Алешка нервничал, заикался:
— А т-ты его знаешь? Наслушался трепотни всякой и сам болтаешь!
— Я не виноват, что про него доброго слова не услышишь.
— Травят его, вот что! А работник он — будь здоров!
— Бедняжка! — Митя с наигранным сочувствием вскидывал глаза к небу. — Его травят! Да твой Серегин сам кого угодно затравит. А насчет того, какой он работник… Людей нехватка, а то он бы вылетел, как пробка.
Алешка рассерженно выбрасывал в стороны руки:
— Ну, ясное дело, твой Ковальчук — правильный человек! Ни рыба ни мясо…
— Слушай, а Серегин не научил тебя пить?
Несколько раз они схватывались так. Алешка за своего шефа стоял горой, и Митя начал понимать, что споры эти не только не уменьшают его привязанности к Серегину, но как бы даже укрепляют ее. Что же делать? Во всяком случае, нельзя оставлять Алешку в покое. Если бы все-таки он согласился с Митиным планом, если бы удалось уговорить его, пришел бы конец серегинскому шефству.

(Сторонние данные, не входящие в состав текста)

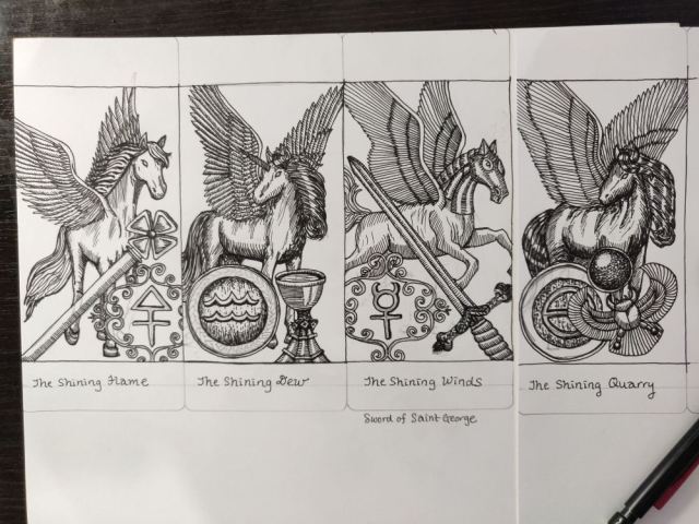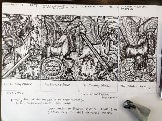 So I knew I wanted to re-conceptualize the four Knights. This time, my focus would be on alchemy. Here’s my first sketch, in pencil: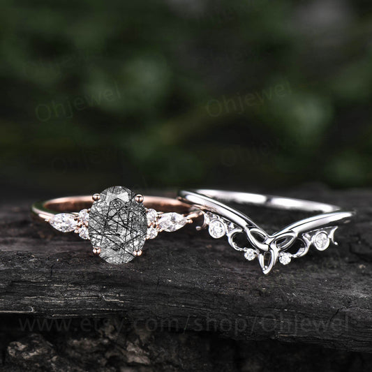 Vintage oval black rutilated quartz engagement ring set moissanite rose gold silver bridal ring women marquise Norse Viking ring jewelry
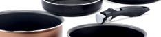 • lonec za kuhanje mleka (14-cm), 2 lonca s pokrovko (16-cm in 18-cm) ter 2 ponvi (24-cm in 28-cm)

Едва дождавшись гудка на обед, Митя заторопился на участок, где работал Алешка.
«Прижился…»
Посреди пролета, возле инструментальной кладовой, стояли Алеша и слесарь Серегин. Из открытого окошка кладовой, обнесенной густой железной сеткой, выглядывала чем-то похожая на зверушку кладовщица Люся.
Щедро улыбаясь, Алешка и Серегин красовались перед окошком и что-то говорили, говорили, а Люся слушала их с игривым вниманием.
Серегин снял с нижней мокрой своей губы дымящийся махорочный окурок и протянул его компаньону. Когда Алешка взял двумя пальцами окурок и направил в рот, Митя даже поморщился от брезгливости.
Выпустив струю дыма, Алешка лихо сплюнул сквозь зубы. В это время Митя окликнул его. Алешка сделал движение, чтобы спрятать папироску, но, видимо боясь уронить достоинство перед Люсей и Серегиным, раздумал. Кивнув девушке с таким выражением — дескать, бывают в жизни неприятности, он медленно отошел от окошка. Лицо его было так перепачкано мазутом, что нельзя было заметить проступивший на щеках румянец.
— Растешь! — Митя с брезгливой усмешкой глянул на окурок, источавший одуряюще острый дым.
— Знаешь, верное средство от аппетита, — торопливо стал убеждать Алешка, уводя Митю подальше от инструментальной кладовой. — Я все время голоден. Сказывается физическая нагрузка. А покурю — вроде отбивную срубал… — Он затянулся в последний раз, бросил окурок и припечатал его каблуком. — Ты хотел что-то сказать?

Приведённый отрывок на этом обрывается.